*ABOUT THIS TASK*. Write out every entry exactly as it appears, omitting the pictures.

******************************

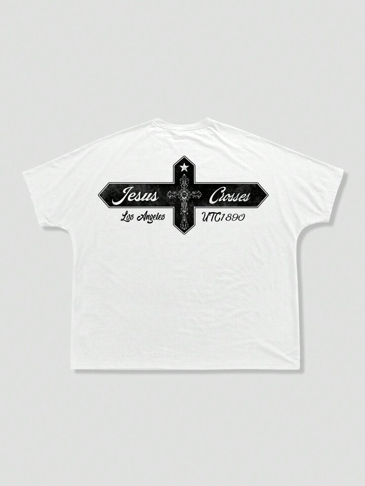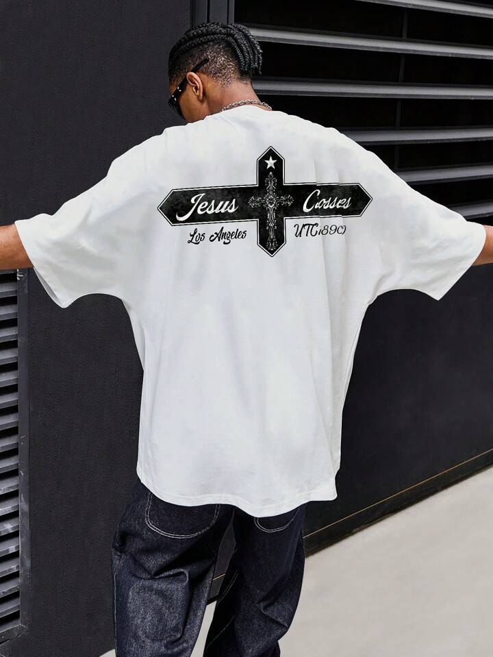 Street Life T-shirt à manches courtes décontracté pour hommes avec slogan et imprimé de figure
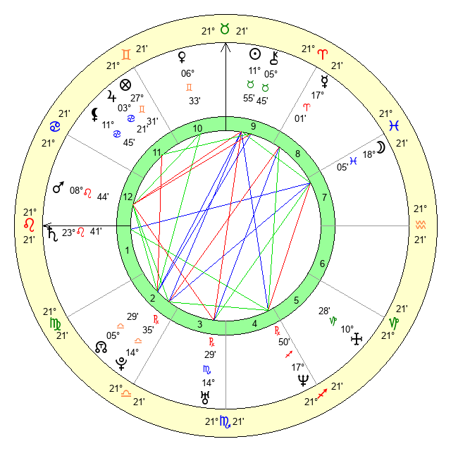 | Venus | 6 Gemini 34 | 1 Aries 9 | 2 Leo 53 |
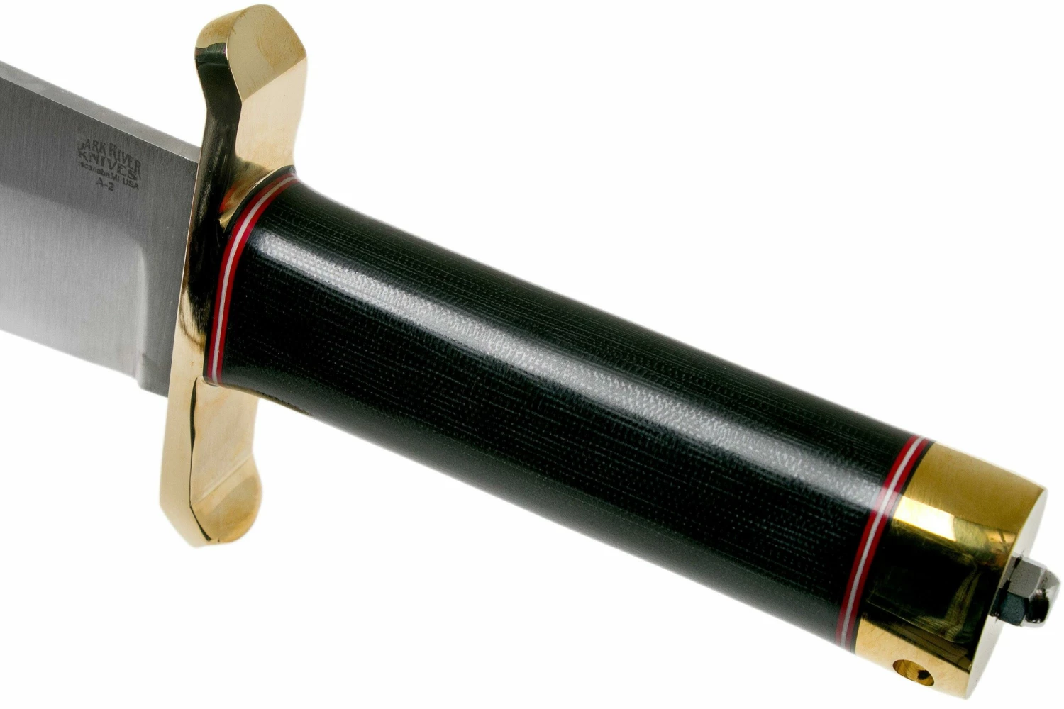 Bark River V-44 Bowie A2 Black Canvas Micarta, Brass Double Quillion, Cuchillo Bowie
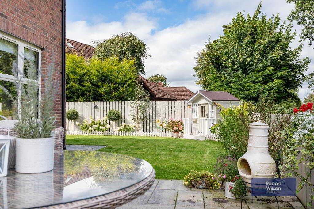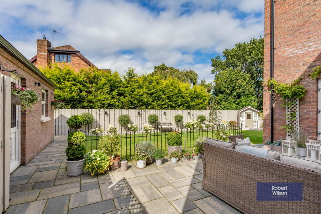 Outside, enjoy a landscaped private rear garden with two patio areas perfect for entertaining, a front lawn bordered by mature hedging, and a detached garage currently used as a gym, fully insulated with power and lighting.
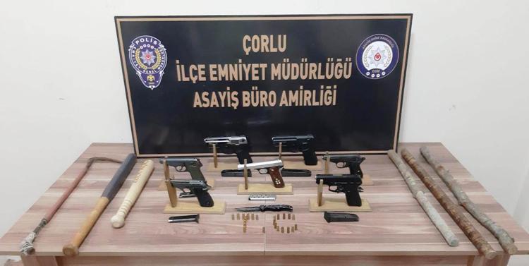 Tekirdağ'ın Çorlu ilçesinde iki grup arasında çıkan silahlı kavgayı polis havaya uyarı ateşi açarak önledi. Arbede sırasında 2 polis memuru beyzbol sopası darbesi ile yaralanırken, 2 kişi tabanca, 6 kişi bıçak ve sopalarla olmak üzere toplamda 10 kişi yaralandı, 20 kişi gözaltına alındı.
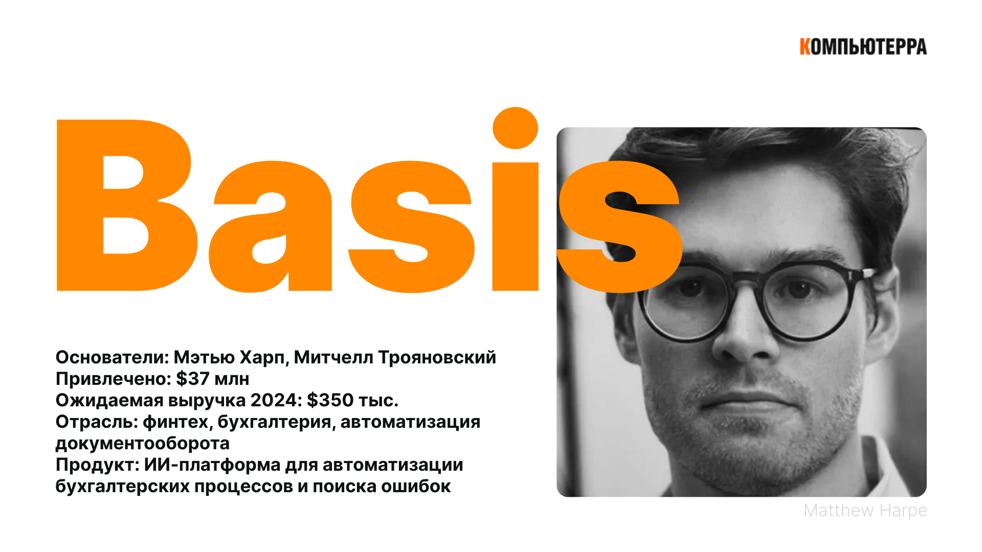 Basis создан в Нью-Йорке Мэтью Харпом и Митчеллом Трояновским. Стартап развивает платформу для автоматизации бухгалтерии и недавно привлек $34–37 млн в раунде, который возглавила Khosla Ventures.
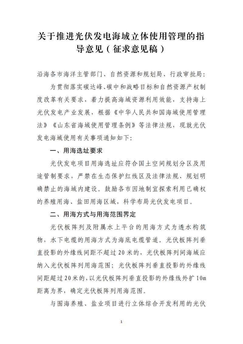 山東省海洋局關于向社會公開征求《關于推進光伏發電海域使用立體確權的指導意見(征求意見稿)》意見的公告
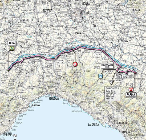 La primera etapa en línea es sorprendentemente la etapa más larga de toda el Giro, con nada menos que 244 km de recorrido entre las localidades de Alba y Parma.
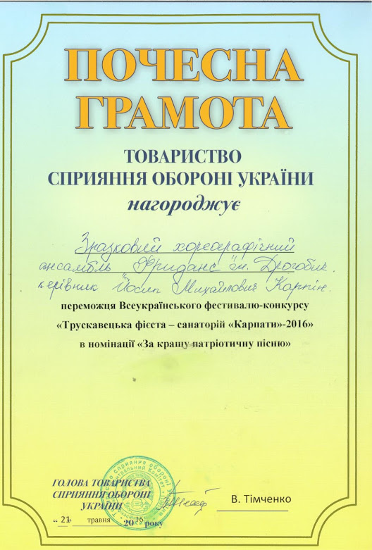 Крім диплому лауреата та почесної грамоти Товариства сприяння обороні України Йосиф Михайлович отримав окрему Подяку як керівник ансамблю «Free dance».
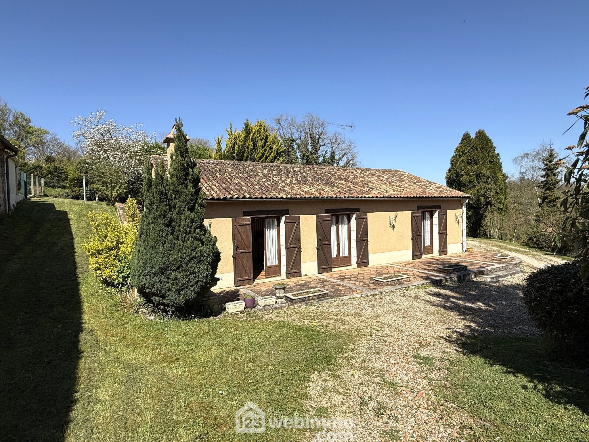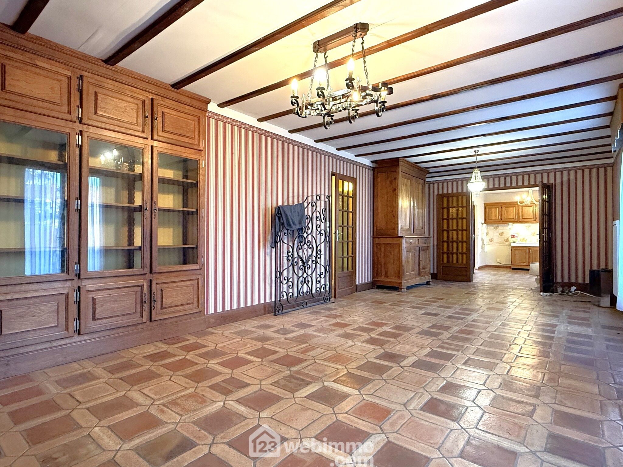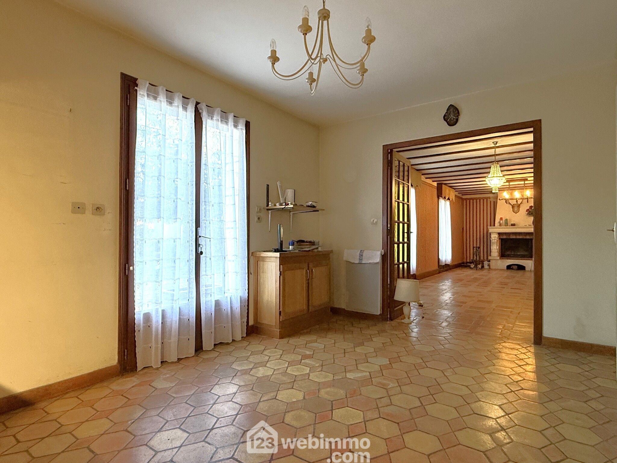 Pavillon de plain-pied, 102 m2 habitables, 4 pièces, 3 chambres, arrière cuisine / cuisine d'été, garage (70 m2), terrain de 1398 m2.

******************************

*WRITTEN RESPONSE*.
 Street Life T-shirt à manches courtes décontracté pour hommes avec slogan et imprimé de figure
 | Venus | 6 Gemini 34 | 1 Aries 9 | 2 Leo 53 |
 Bark River V-44 Bowie A2 Black Canvas Micarta, Brass Double Quillion, Cuchillo Bowie
 Outside, enjoy a landscaped private rear garden with two patio areas perfect for entertaining, a front lawn bordered by mature hedging, and a detached garage currently used as a gym, fully insulated with power and lighting.
 Tekirdağ'ın Çorlu ilçesinde iki grup arasında çıkan silahlı kavgayı polis havaya uyarı ateşi açarak önledi. Arbede sırasında 2 polis memuru beyzbol sopası darbesi ile yaralanırken, 2 kişi tabanca, 6 kişi bıçak ve sopalarla olmak üzere toplamda 10 kişi yaralandı, 20 kişi gözaltına alındı.
 Basis создан в Нью-Йорке Мэтью Харпом и Митчеллом Трояновским. Стартап развивает платформу для автоматизации бухгалтерии и недавно привлек $34–37 млн в раунде, который возглавила Khosla Ventures.
 山東省海洋局關于向社會公開征求《關于推進光伏發電海域使用立體確權的指導意見(征求意見稿)》意見的公告
 La primera etapa en línea es sorprendentemente la etapa más larga de toda el Giro, con nada menos que 244 km de recorrido entre las localidades de Alba y Parma.
 Крім диплому лауреата та почесної грамоти Товариства сприяння обороні України Йосиф Михайлович отримав окрему Подяку як керівник ансамблю «Free dance».
 Pavillon de plain-pied, 102 m2 habitables, 4 pièces, 3 chambres, arrière cuisine / cuisine d'été, garage (70 m2), terrain de 1398 m2.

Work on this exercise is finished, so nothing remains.